Glad the weather turned out decent for y'all. Got a mess to fry too!!!


----------



## jaster (Oct 7, 2007)

Fine haul Jeff

Tell Josh great Job


----------



## k-dog (May 15, 2013)

You guys are nuts getting in water after dark im a chicken when it comes to that I want to be able to at least see whats going to bite me before it happens nice fish ill stick to a bow or gig


----------



## redlegs (Oct 1, 2007)

Night diving rockz!


----------



## Maverick2 (Jun 25, 2012)

I am pretty sure we waved to you as you were heading out, glad it laid down for y'all it was blowing pretty hard when we where heading in at 6:20 or so. I agree the water was super clear, but lots or jellyfish. Nice fish!!


----------



## jspooney (Oct 2, 2007)

Maverick2 said:


> I am pretty sure we waved to you as you were heading out, glad it laid down for y'all it was blowing pretty hard when we where heading in at 6:20 or so. I agree the water was super clear, but lots or jellyfish. Nice fish!!

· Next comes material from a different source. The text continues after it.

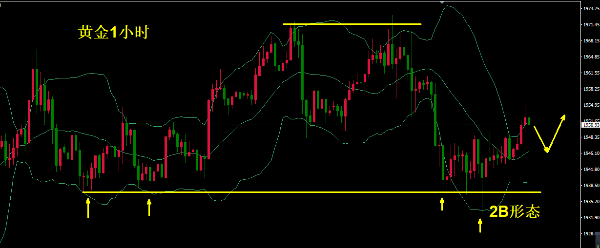 而从1小时图上看,前期在底部经历了充分的震荡,并且出现突破前期1936之后,又快速回到前低之上,形成2B反转形态,随后行情拉升,前期筑底比较牢固。虽然目前仍不能轻言多头回归,但在操作中可以偏向多头,下方支撑看一小时图布林线中轨,接着看1940/1936,上方阻力1954/1962/1972,当行情测试支撑阻力收取pinbar信号时考虑博弈,震荡操作为主。

If you were in the cape with twins, that was us. I thought I saw a dive flag on your boat. And the jellies...yeah, plentiful and huge.


----------



## Maverick2 (Jun 25, 2012)

jspooney said:


> If you were in the cape with twins, that was us. I thought I saw a dive flag on your boat. And the jellies...yeah, plentiful and huge.


Yup that was us. Took a jelly to the face and it wasn't a fun experience.


----------



## GROUPERKING (Sep 28, 2011)

Really glad nothing ate y'all !


----------



## SaltAddict (Jan 6, 2010)

Nice haul. 

It's never the shark you see that gets you.


----------



## Redcross33 (Jan 8, 2014)

nice flatties


----------